§ **Work to be completed**
Print the whole listing below exactly, skipping every picture.

§ **Provided data**
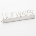 Sign, "hot water", 5"L x 3/4"W x 1-1/4"H, stainless steel
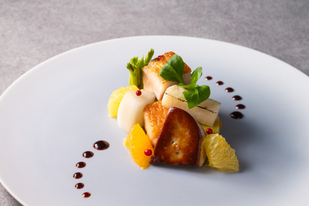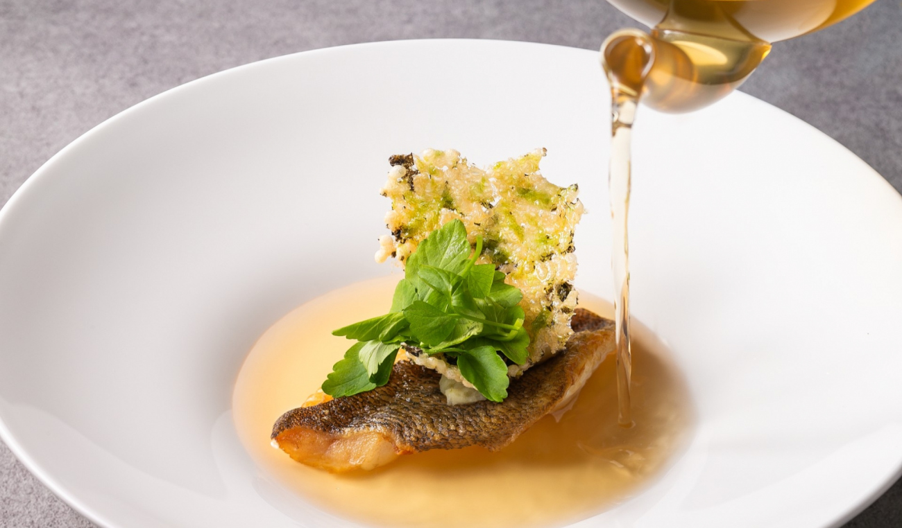 「春告げ魚」メバルを木の芽香るスープで仕立てた魚料理。
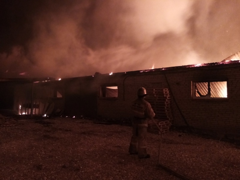 Общая площадь горения составила 1,2 тыс. кв. м. Огонь уничтожил крышу здания, готовые матрасы и оборудование производственного цеха. Пострадавших людей нет.
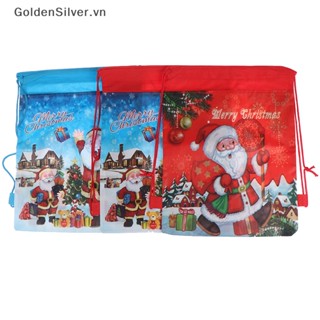 Túi Dây Rút Đựng Quà Giáng Sinh Họa Tiết Ông Già Noel Màu Vàng Bạc
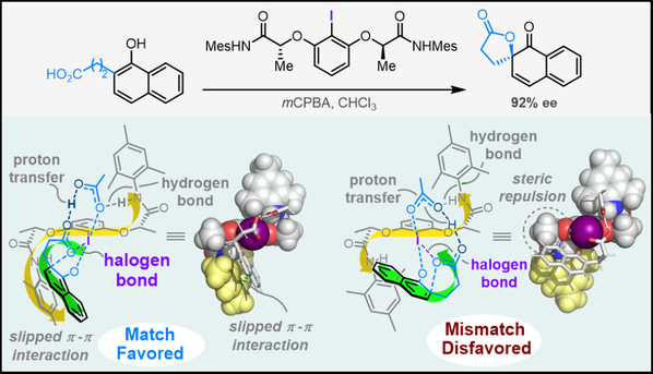 在自然界中,酶的“柔性”被认为是其实现高选择性的重要因素之一,基于酶的“柔性”所提出的诱导-契合模型(induced-fit model)或构象选择模型(conformational selection model)已被广泛接受。然而与自然界不同的是,在立体选择性的化学反应中则常引入“刚性”以实现选择性诱导。这是由于“刚性”因素通常以位阻效应直接作用于底物,其控制模式更加直接与直观,因此引入“刚性”的设计理念一度成为配体与催化剂设计中的主流。近年来,一些柔性催化剂的发展则突破了“刚性”设计理念的桎梏,Ishihara柔性芳基碘催化剂是其中最具代表性的例子之一,该类催化剂在不对称羰基a-官能团化、烯烃双官能团化、苯酚去芳构化反应中发挥了重要作用。然而,对于这类柔性的催化剂,其选择性控制模型仍未得到较好的理解,显著限制了对这类“柔性”催化剂的认识与进一步改造设计。为此,郑汉良博士通过密度泛函理论计算与实验结合详细研究了第一代Ishihara柔性芳基碘催化的苯酚去芳构化的反应机理与手性控制模型。
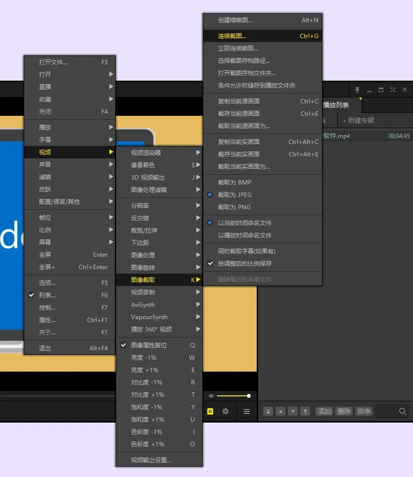 国内外有很多优秀的播放器软件,我们之前也分享过不少。但是,你绝对不知道有三款播放器,可是被称作“韩国影音三驾马车”。它们的功能也非常强大,看全球直播、倍速声音不变调、自定义所有功能,适配全平台……PotPlayer几乎支持市面上所有的音视频格式,功能也是极其丰富。PotPlayer的大多数功能,都在右键菜单中。方便你自由设置字幕、视频、屏幕等功能。软件对视频的自定义设置,帮助提升视频画质,强大到堪比Ps:其中,我个人最喜欢的是“连续截图”功能,它可以帮你快速截取影视中的镜头,方便之后的拼接:
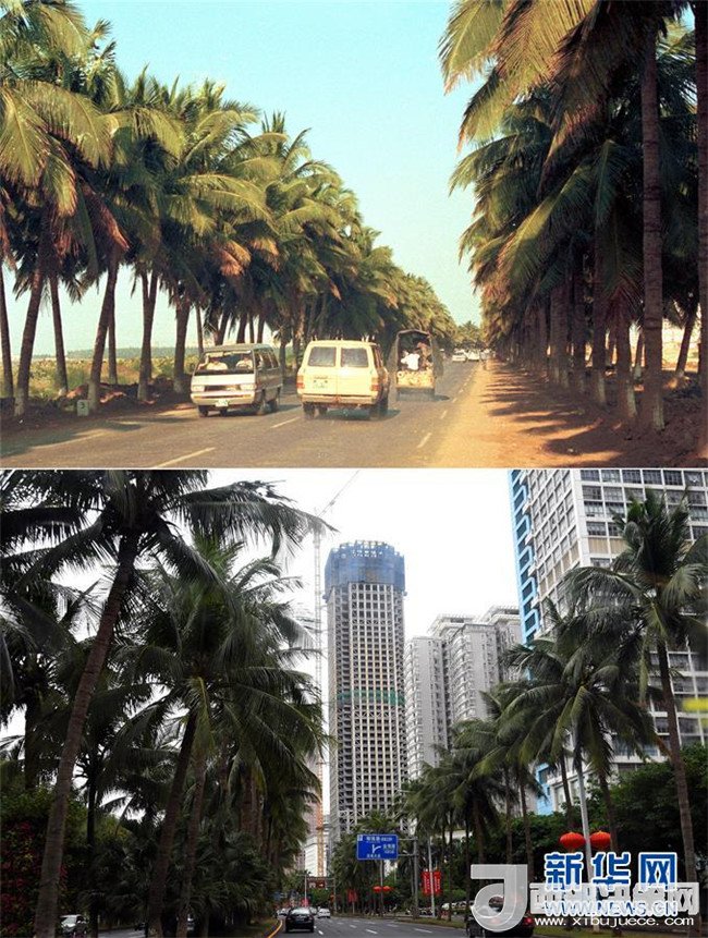 拼版照片為三亞市亞龍灣今昔對比(上圖為1998年新華社記者姜恩宇攝,下圖為2018年4月4日新華社記者郭程攝)。
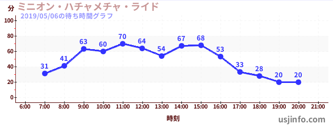 • ミニオン・ハチャメチャ・ライド$B$N(B2019年05月06日の待ち時間
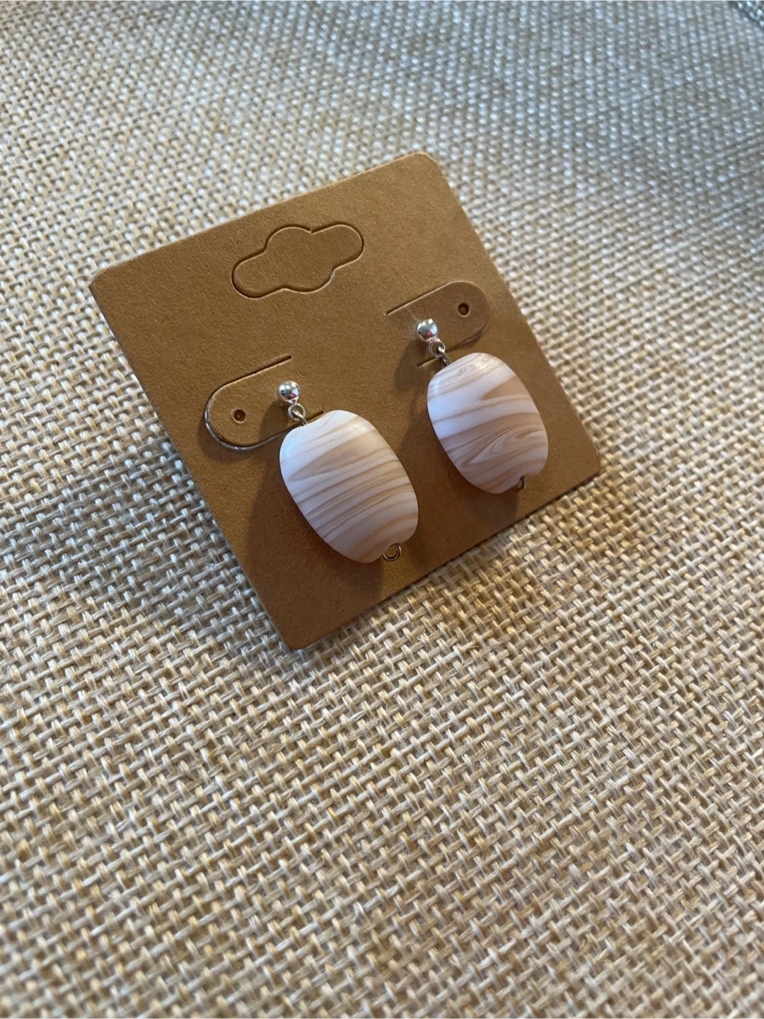 A pair of oval drop earrings with a beige and white swirl pattern. The earrings are attached to a brown card for display. They feature silver-toned posts.

§ **Completed task**
 Sign, "hot water", 5"L x 3/4"W x 1-1/4"H, stainless steel
 「春告げ魚」メバルを木の芽香るスープで仕立てた魚料理。
 Общая площадь горения составила 1,2 тыс. кв. м. Огонь уничтожил крышу здания, готовые матрасы и оборудование производственного цеха. Пострадавших людей нет.
 Túi Dây Rút Đựng Quà Giáng Sinh Họa Tiết Ông Già Noel Màu Vàng Bạc
 在自然界中,酶的“柔性”被认为是其实现高选择性的重要因素之一,基于酶的“柔性”所提出的诱导-契合模型(induced-fit model)或构象选择模型(conformational selection model)已被广泛接受。然而与自然界不同的是,在立体选择性的化学反应中则常引入“刚性”以实现选择性诱导。这是由于“刚性”因素通常以位阻效应直接作用于底物,其控制模式更加直接与直观,因此引入“刚性”的设计理念一度成为配体与催化剂设计中的主流。近年来,一些柔性催化剂的发展则突破了“刚性”设计理念的桎梏,Ishihara柔性芳基碘催化剂是其中最具代表性的例子之一,该类催化剂在不对称羰基a-官能团化、烯烃双官能团化、苯酚去芳构化反应中发挥了重要作用。然而,对于这类柔性的催化剂,其选择性控制模型仍未得到较好的理解,显著限制了对这类“柔性”催化剂的认识与进一步改造设计。为此,郑汉良博士通过密度泛函理论计算与实验结合详细研究了第一代Ishihara柔性芳基碘催化的苯酚去芳构化的反应机理与手性控制模型。
 国内外有很多优秀的播放器软件,我们之前也分享过不少。但是,你绝对不知道有三款播放器,可是被称作“韩国影音三驾马车”。它们的功能也非常强大,看全球直播、倍速声音不变调、自定义所有功能,适配全平台……PotPlayer几乎支持市面上所有的音视频格式,功能也是极其丰富。PotPlayer的大多数功能,都在右键菜单中。方便你自由设置字幕、视频、屏幕等功能。软件对视频的自定义设置,帮助提升视频画质,强大到堪比Ps:其中,我个人最喜欢的是“连续截图”功能,它可以帮你快速截取影视中的镜头,方便之后的拼接:
 拼版照片為三亞市亞龍灣今昔對比(上圖為1998年新華社記者姜恩宇攝,下圖為2018年4月4日新華社記者郭程攝)。
 • ミニオン・ハチャメチャ・ライド$B$N(B2019年05月06日の待ち時間
 A pair of oval drop earrings with a beige and white swirl pattern. The earrings are attached to a brown card for display. They feature silver-toned posts.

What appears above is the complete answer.